Did other aspects of the filming, producing, and post-production process incorporate POC?
N: 100% of our lead production team were women-of-color, and 80% of our crew were POC. Our show was created, produced, written, and directed by two women-of-color.
Y: Nida and I believe in creating opportunities for our POC community. I learned early on that it’s harder for us to hold positions especially in the above the line crew. At Stranger Magic, we hope we can create experiences for people who usually don’t get that chance.
A lot of our staffers felt a deep connection with many of the characters. Even for me, it felt like a jolt of energy went through me when I first watched the trailer. Can we expect a second season or an expansion of the show? Maybe a Netflix special in the near future?

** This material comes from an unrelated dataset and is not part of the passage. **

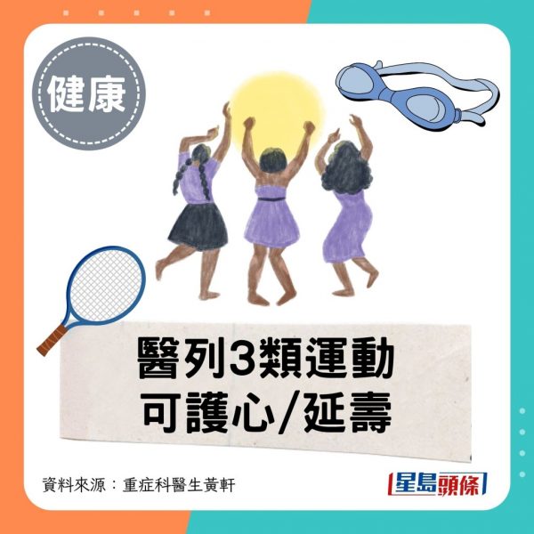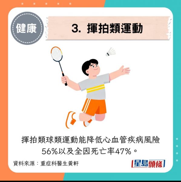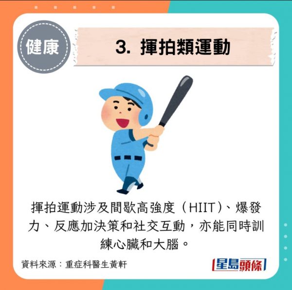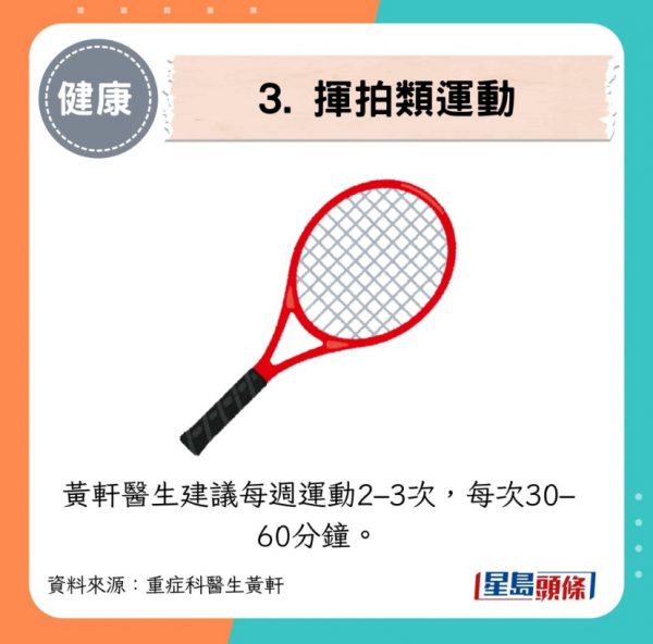 揮拍類球類運動能降低心血管疾病風險56%以及全因死亡率47%。揮拍運動涉及間歇高強度(HIIT)、爆發力、反應加決策和社交互動,亦能同時訓練心臟和大腦。黃軒醫生建議每周運動2–3次,每次30–60分鐘。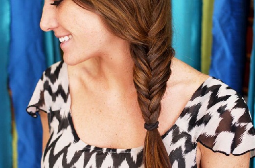 «Рыбный хвостик» заплетается из самых мелких по сравнению с остальными плетениями прядей. В этом плетении масса волос разделяется на затылке на две части, из которых, подбирая снизу мелкие прядки, заплетается коса. Верхняя часть плетения не должна стягиваться туго, и только к нижней части косы она переходит в тугое плетение, в котором вытягиваемые из-под низа косы прядки перебрасываются наверх в противоположную часть.

N: There’s so much we want to create, and we’re excited and hopeful about making that happen!
Where can our readers watch the show?
Is there anything else you want to tell our readers?
N: This is really cheesy, but we both really love Brown Girl Magazine. We didn’t grow up with the increasing diversity of media that we have now. It’s so cool to be able to just scroll through it now.
Y: We hope BG readers will help spread the word about “Unfair & Ugly.” Each view makes a difference in supporting media representation for people-of-color!
*Portions of this interview were edited for clarity.